We named this collection for that idea. Not because cloth makes a machine divine, but because the impulse to dress what we build is the oldest proof that we believe our creations matter.
Five garments. Each one requiring 500 to 1,000 hours of hand work, built using proprietary construction methods developed over two years of iterative prototyping. Fabrics sourced globally from France, Italy, Japan, including specialist textiles developed with a Japanese aerospace facility and Kyoto silk weavers, most custom made in-house. Constructed by couturiers in Paris for bodies that will never grow old, never tire, never compromise.
Each piece in ICHOR required solving problems that had never been encountered in fashion, costume design, or robotics. The solutions are proprietary.
Savoir-Faire
Platform-Specific Archives
Each of the seven humanoid platforms we build for has its own dimensional archive -- thermal mapping, sensor positions, joint ranges, surface geometry. No two robots share a pattern.
Structural Armature
Carbon fibre systems concealed inside shoulders and collars create structural lines on bodies with no skeletal landmarks. Each armature weighs 180 grams per side.
Sensor-Transparent Textiles
Developed with a Japanese aerospace facility. Infrared and LIDAR pass through the fabric without signal loss. A dressed robot perceives its environment through its clothing.
Magnetic Closures
Hidden inside what appear to be traditional knots and ties. Because robot hands cannot work buttons, every fastening is engineered to look hand-tied while engaging magnetically.
Weighted Hems
Adapted from theatre curtain engineering. The weighted tape holds couture silhouettes steady on bodies that never shift their weight.
Hand Construction
500 to 1,000 hours per garment. Hand-felled seams, hand-bound edges, hand-finished interiors. Built by couturiers in Paris with fabrics sourced from France, Italy, and Japan.
I
Nocturne
A floor-length evening coat in quadruple-weight Japanese wool crepe, lined with silk habotai. Engineered for full articulation at 40+ degrees of freedom. The garment a machine wears when it enters a room and the room goes quiet.
Full-length white quilted coat. 800 hours of hand work. Hood shaped to robotic head geometry, studded with 3,000+ hand-set Swarovski crystals along the crown and brow line.

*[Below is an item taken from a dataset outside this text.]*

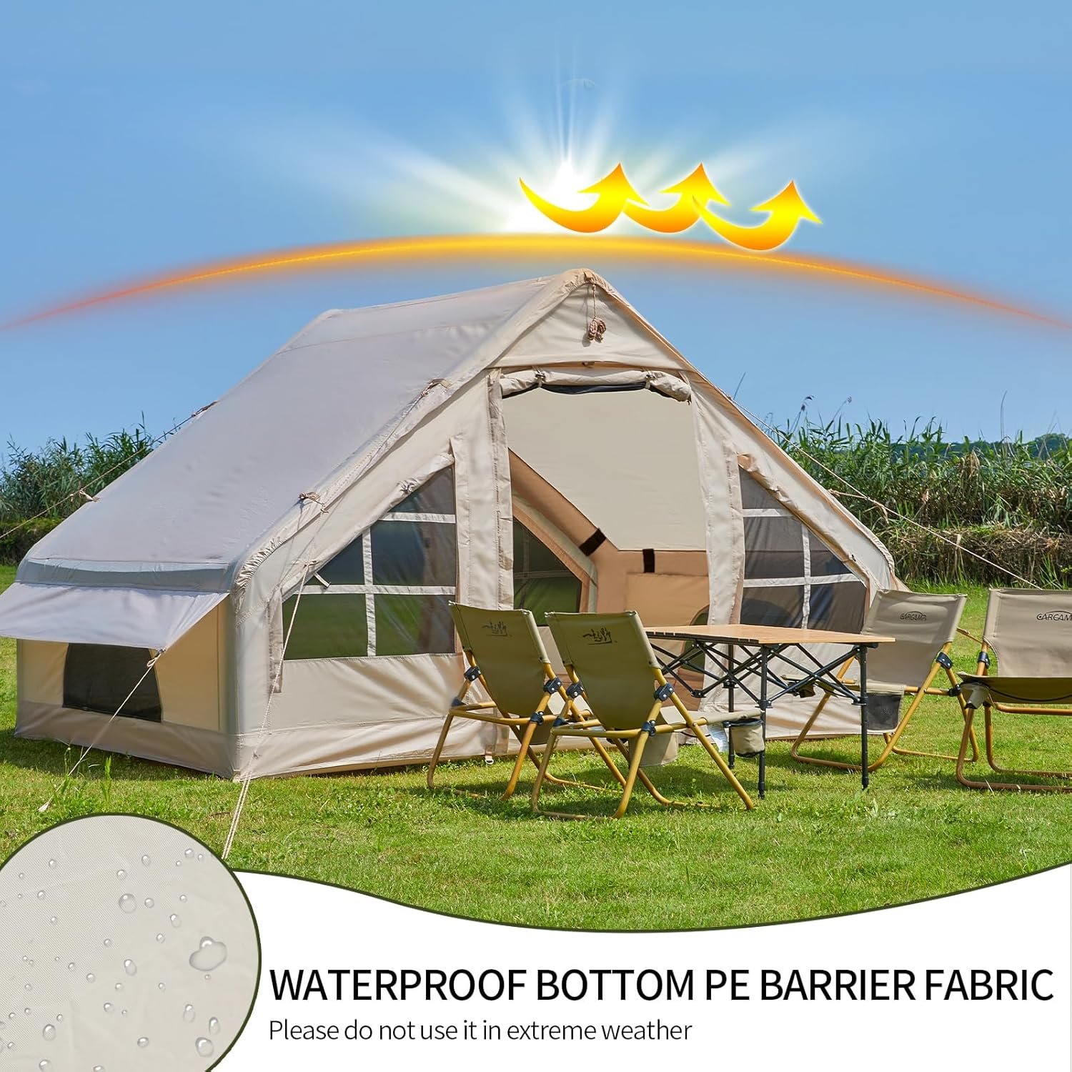 Inflatable Tents for Camping with Stove Jack, 4/6/8 Person Easy Setup Blow Up Tents for 4 Seasons Waterproof Inflatable Hot Tent, Air Glamping Tent

Ceremonial open robe, hand-painted by a single artisan over 400 hours. Pigment on raw silk organza, sealed in UV-resistant matte fixative. One of one. The kind of garment that belongs in a vault or on a stage.
Three-piece suit woven with real gold-wrapped silk thread. Technical wool base with concealed magnetic closures at every seam. 800 hours of hand-finishing. The suit that justified the name of this collection.
Minimal display harness in blackened titanium hardware and hand-stitched bridle leather. Not a garment in the traditional sense. A structure that frames the machine's body like a reliquary frames a sacred object.